Caxola

Idéias flutuam pela ruas da cidade. Nadam pelos ares em busca de ouvidos atentos e ansiosas por olhos curiosos. Meu prazer voluntário é capturá-las, vesti-las de sedas e traduzi-las em palavras. No Caxola, a beleza acre do cotidiano veste traje de gala.

quarta-feira, outubro 04, 2006

Elas e Elis

Elas dominam Elis. Infestam-lhe a face. Salpicam-lhe o colo. Pontuam-lhe a barriga.

Pé ante pé. Saem, disfarçadas, de trás da orelha direita. Como um larápio prestes a entrar em ação, deslizam para a cara redonda cor de chocolate. Instalam-se nas bochechas recheadas. A doce maçã do rosto ocuparia com sobras o espaço entre o polegar e o indicador de uma tia coruja.
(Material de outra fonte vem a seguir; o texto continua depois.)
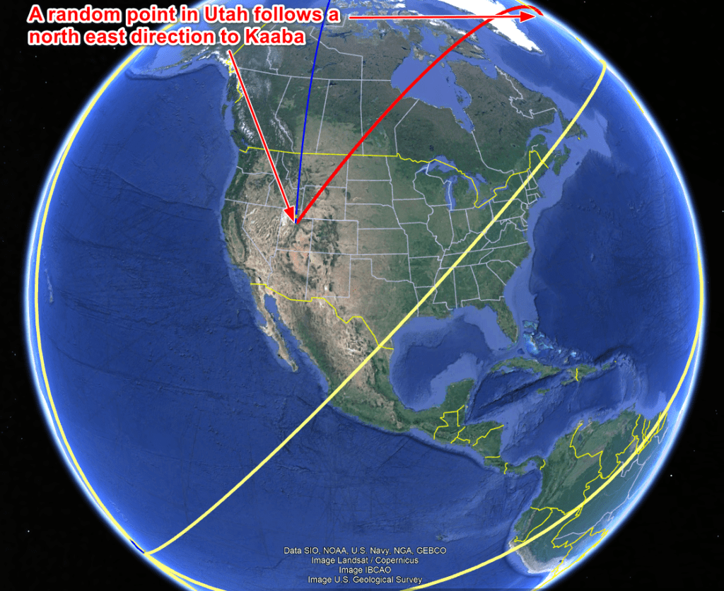 If we follow the Geodesic path (having the curvature of the earth as a primary source of direction, then NE supercedes the current teachings of the Messenger of the Covenant. Even by this logic, however, you must use the Earth’s core as your datum, where the projection begins by looking down at the core then establishing the Qibla.

Elas são temerosas àquela luz. Tremem ao se aproximar das bolitas cor de terra que Elis chama de olhos. A vassourinha de cílios pretos as varre para o nariz. E caem desengonçadas como um bêbado tropeçando no asfalto de uma noite suja.

Estateladas, ficam por lá. Erguem-se cambaleantes e sacodem a poeira. Pequenos grãos cinzas levantam vôo. Cheiro de tempo antigo. Baú de quinquilharias. O nariz de azeitona graúda avermelha-se de repente. Elis aponta o queixo para o teto. Aperta os olhos. Abre a boca cor de morango. Num lance, espirra. Elas, que se espanavam da queda, tomam um susto. Elis leva a mão larga ao rosto. Os dedos compridos acomodariam fácil uma manga madura. Mas agora tapam apenas aquela pequena bolinha de carne oval, assoada com uma ponta de papel amassado.
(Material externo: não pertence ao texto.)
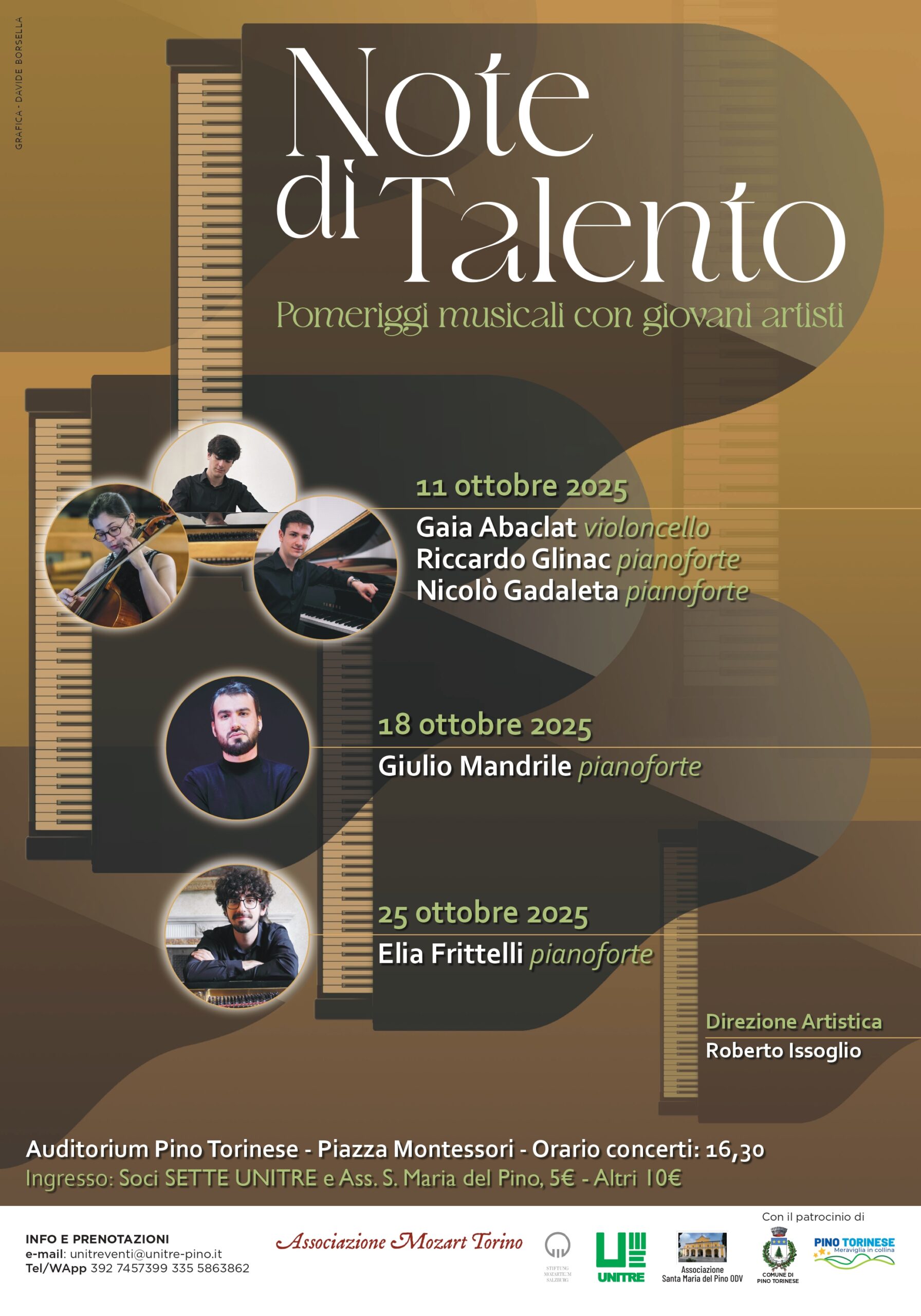 Nel mese di ottobre, a Pino Torinese, arriva “Note di Talento”, la rassegna organizzata dall’Associazione Mozart Torino in collaborazione con l’Unitre Pino Torinese e l’Associazione Santa Maria del Pino, con il patrocinio del Comune di Pino Torinese. La direzione artistica è affidata al Maestro Roberto Issoglio

Alerta! Abandonam a área desnorteadas. Tropeçam nas narinas. Escapam da ameaçadora dúzia de dentes que se abraçavam em um sorriso. Pernas para que te quero. Escorregam pelas curvas suaves do queixo. Lançam-se em um abismo cego.
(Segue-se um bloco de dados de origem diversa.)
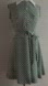 Super cute late 60s, maybe early 70s dress. Dark green with white polka dots, this sleeveless dress has a pointy white collar, moon glow buttons, and a wrap skirt that buttons at the waist and ties at the side. Woven polyester material. An adorable dress! The tag is rather faded, but it does say 100% polyester. No size, please see the measurements for best fit.

Queda. Tombo. Vertigem. Fecham os olhos para esquecer o suicídio acidental.

Pasmam. Sentem um travesseiro de plumas sob suas costas. Morno como um berço para filhotes. Espiam para os dois lados. Salvas. No colo macio de algodão, aninham-se as pequeninhas. No regaço, enrodilham-se as pintas pretas de Elis.

Elis (não a Regina) é amiga querida. Inspiração para exercício de descrição. Tudo por um texto melhor.